Tuesday, July 23, 2024

Shinrin-yoku: Forest Bathing in My Own Front Yard

 

by Nancy Corson Carter

Fascinated by current interest in Shinrin-yoku, I learned that the term emerged in Japan in the 1980s to describe a physiological and psychological exercise, a form of ecotherapy.  The purpose was to offer an eco-antidote to tech-boom burnout and to inspire residents to reconnect with and protect the countrys extensive forests.”1      

Forest bathing, as it is commonly called, can be the reason for people to travel to faraway places like New Zealand or Costa Rica and hire specialized guides, or it can be as simple as walking in any natural environment near you and allowing yourself to relax and consciously open your senses to what is around you.

Ive found that my delight in the natural world often increases as I wander with my camera, and it can be in a place as near as my garden.

When we first moved into our home, I saw some plants in the little garden strip behind the house that were consistently gnawed down to the nubs. I decided to transplant them into the newly fenced front garden. Thus, I was introduced to hostas, no longer just deer candy.”  When they grew their lovely leaves and later their flower stalks, I was fascinated. Over the next few years, I planted new kinds until a lovely variegated circle grew in the shade of our porch-side magnolia.

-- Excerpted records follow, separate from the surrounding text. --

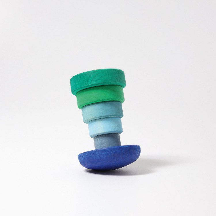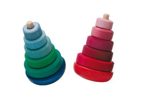 Stożkowa, niebieska wieża składa się z 5 krążków oraz podstawki, wykonanych z drewna lipowego, wykończonego nietoksycznymi bejcami na bazie wody. Dokładanie krążków na patyczek to ponadczasowa zabawa, którą wiele osób kojarzy z własnego dzieciństwa. Układanie wieży z pewnością zachwyci także Twojego maluszka!
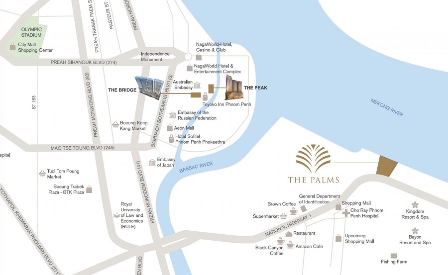 The Palms is located within a district which is a major commercial centre where restaurants, hotels, entertainment joints, sports clubs, transportation hubs, tourism sites, markets, shopping centres, banks and other conveniences are located. The Palms Cambodia is located about 30-40 minutes (depending on traffic) from the Phnom Penh International Airport and within 20-30 minutes to the Phnom Penh Railway Station and AEON Mall 1 and 2. AEON Mall 3 is being constructed now, to the south of The Palms.
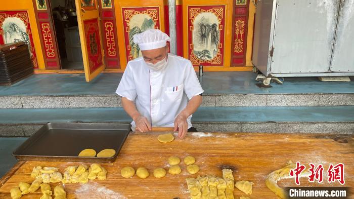 張潤(rùn)明37歲跟隨父親開(kāi)始學(xué)習(xí)豆面餅制作,到現(xiàn)在已有20多年。 楊靜 攝
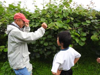 6月17日の8:30よりjAの相磯様にご指導を仰ぎながら、5年生がキウイの摘果を行いました。ぶどうのように実がなっているキウイの中から大きく育つように摘果して質のいいキウイを育てます。前回の受粉のと木に自分で受粉したキウイに印をつけておいたので、大切にその身を扱っていました。
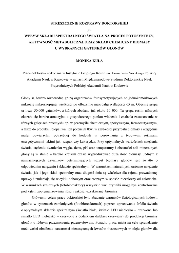 STRESZCZENIE ROZPRAWY DOKTORSKIEJ pt. WPŁYW SKŁADU SPEKTRALNEGO ŚWIATŁA NA PROCES FOTOSYNTEZY, AKTYWNOŚĆ METABOLICZNĄ ORAZ SKŁAD CHEMICZNY BIOMASY U WYBRANYCH GATUNKÓW GLONÓW MONIKA KULA Praca doktorska wykonana w Instytucie Fizjologii Roślin im. Franciszka Górskiego Polskiej Akademii Nauk w Krakowie w ramach Międzynarodowe Studium Doktoranckie Nauk Przyrodniczych Polskiej Akademii Nauk w Krakowie Glony są bardzo różnorodną grupą organizmów fotosyntetyzujących od jednokomórkowych mikroalg mikroskopijnej wielkości po olbrzymie makroalgi o długości 65 m. Obecnie grupa ta liczy 50 000 gatunków, z których zbadano już około 30 000. Ta grupa roślin niższych okazała się bardzo atrakcyjna z gospodarczego punktu widzenia i znalazła zastosowanie w różnych gałęziach przemysłu np. w przemyśle chemicznym, spożywczym, farmaceutycznym, a także do produkcji biopaliwa. Ich potencjał tkwi w szybkości przyrostu biomasy i względnie małej powierzchni potrzebnej do hodowli w porównaniu z typowymi roślinami energetycznymi takimi jak: rzepak czy kukurydza. Przy optymalnych wartościach natężenia światła, stężeniu dwutlenku węgla, tlenu, pH oraz temperatury i obecności soli mineralnych glony są w stanie w bardzo krótkim czasie wyprodukować dużą ilość biomasy. Jednym z najważniejszych czynników determinujących wzrost biomasy glonów jest światło o odpowiednim natężeniu i składzie spektralnym. W warunkach naturalnych zarówno natężenie światła, jak i jego skład spektralny oraz długość dnia są właściwe dla rejonu prowadzonej uprawy i zmieniają się w cyklu dobowym oraz rocznym w sposób niezależny od człowieka. W warunkach sztucznych (fotobioreaktory) wszystkie ww. czynniki mogą być kontrolowane pod kątem zoptymalizowania ilości i jakości uzyskiwanej biomasy. Głównym celem pracy doktorskiej było zbadanie warunków fizjologicznych hodowli glonów w systemach zamkniętych (fotobioreaktorach) poprzez opracowanie źródła światła o optymalnym składzie spektralnym (światło białe, światło LED niebiesko – czerwone lub światło LED niebiesko – czerwone z dodatkiem dalekiej czerwieni) do produkcji biomasy glonów o różnym przeznaczeniu przemysłowym. Ponadto praca miała na celu sprawdzenie możliwości obniżenia zawartości nienasyconych kwasów tłuszczowych w oleju glonów dla ulepszenia wyjściowego surowca do produkcji biopaliwa. Poszukiwano też prostych metod wskaźnikowych pozwalających na szybką ocenę stanu fizjologicznego i przewidywanie przyrostu biomasy glonów w celu ułatwienie kontroli procesu hodowli w fotobioreaktorach. Przeprowadzone badania dotyczyły wpływu składu spektralnego światła na: dynamikę wzrostu biomasy (metod wagowa), sprawność fotochemiczną PSII (pomiar parametrów kinetyki fluorescencji chlorofilu a), aktywność metaboliczną (kalorymetria izotermiczna), skład chemiczny biomasy w tym zawartość chlorofilu, fenoli oraz karotenoidów (spektofotometria UV-Vis, spektrometria FT-ramanowska i FT-IR oraz chromatografia gazowa), a także na widma emisyjne fluorescencji komórek w zakresie niebiesko – zielonym oraz czerwień – daleka czerwień (spektrofluorymetria) u trzech różnych szczepów glonów. Ponadto zbadano wpływ pulsacji światła oraz temperatury hodowli na produktywność biomasy, a także możliwość hodowli glonów na ściekach komunalnych. Na podstawie uzyskanych wyników stwierdzono, że skład spektralny światła wpływał na wzrost i wybrane parametry fizjologiczne u wszystkich szczepów. Wielkość tego wpływu była jednak silnie zależna od szczepu. Skład spektralny światła wpływał na sprawność aparatu fotosyntetycznego u Chlorella vulgaris. U Chlorella emersonii i Botryococcus braunii światło z dodatkiem dalekiej czerwieni zwiększało aktywność fotochemiczną PSII. Komórki badanych szczepów różniły się emisyjnymi widmami fluorescencyjnymi w zakresie niebiesko-zielonym, a ponadto widma te były, dla danego szczepu, zależne od składu spektralnego światła. Różnice te wynikały ze zmian składu chemicznego, zawartych w glonach związków fenolowych, pod wpływem składu spektralnego światła. Zmiany intensywności fluorescencji w zakresie czerwień – daleka czerwień (F690/F735) opisywały zmiany zawartości chlorofilu wynikającego ze wzrastającej liczby komórek w hodowli. Dla współczynników fluorescencji niebiesko-zielonej (F450/F530), niebiesko-czerwonej (F450/F690) oraz niebieskiej do dalekiej czerwieni (F450/F735) zaproponowano wartości liczbowe umożliwiające ocenę stopnia zestresowania hodowli glonów. I tak wartość F450/F530 powinna być mniejsza bądź równa 1,0; F450/F690 mniejsza od 0,1 natomiast F450/F735 mniejsza od 0,5. Wykazano, że największą zawartość fenoli i chlorofilu miały algi hodowane na świetle bogatym w daleką czerwień. Stwierdzono, że najlepsze parametry termiczne do hodowli Botyococcus braunii to 25°C do 30°C. Ocena pulsacji światła na wzrost hodowli wykazała, że oświetlanie hodowli światłem pulsacyjnym powoduje szybszy i większy przyrost jej biomasy pomimo mniejszej sprawności aparatu fotosyntetycznego. W przypadku hodowli glonów na ściekach komunalnych stwierdzono, czego można było oczekiwać, że miały one znacznie mniejsze przyrosty biomasy niż glony rosnące na pożywce. Niemniej stwierdzono istotne różnice pomiędzy kolejnymi hodowlami, zależnych od składu chemicznego ścieków, który z kolei był uzależniony od terminu ich pozyskania z oczyszczalni. Hodowle na ściekach posiadających mniejszą zawartość azotu azotanowego miały lepszy przyrost biomasy i porównywalny skład chemiczny, co algi rosnące na pożywce. Analiza składu kwasów tłuszczowych wykazała, że podwyższenie temperatury hodowli do 30°C znacznie obniża zawartość nienasyconych kwasów tłuszczowych, co może mieć praktyczne znaczenie dla branży paliwowej. W pracy doktorski

I discovered how much I enjoyed following their yearly cycle and began taking photos of it.

Here are a few photos that illustrate what I consider a kind of time-lapse” pleasure in the “forest bathing” seasons with these beautiful plants. 






I imagined the just-rising plants as performing a graceful Thai fingernail dance" and the unfurling of beautifully formed leaves in colors of greens and blues with some patterning as another dance with billowing skirts unwinding and twirling like Spanish dancers. 



The elements of light, wind, rain, and the seasonal cycle toward flowering marked the beguiling dance of a life cycle they represented as a whole, with, finally, the disintegration of the leaves (probably nibbled to lace by voles, rabbits, and other animals who could crawl under our fence for a summers end feast), and their final descent through the autumn and winter back into the Earth.

As Ive worked on this collection, I suddenly realized that I have, in my own humble way, copied what the famous photographer Edward Steichen did in his later years with a shad-blow tree in his yard—take multiple shots of a beloved subject throughout its life throughout the year (or more), enjoying its beauty as a kind of contemplative practice.

The beauty of nature and its uplifting sense of Creation as a gift we are part of, to enjoy and to care for, is a constant theme of many of the Psalms. See, for example, the lines from Psalm 104, which open the landmark report RESTORING CREATION FOR ECOLOGY AND JUSTICE, adopted by the 1990 GA of the Presbyterian Church USA

1Sunny Fitzgerald, National Geographic online, October 18, 2019, The Secret to Mindful Travel? A Walk in the Woods.”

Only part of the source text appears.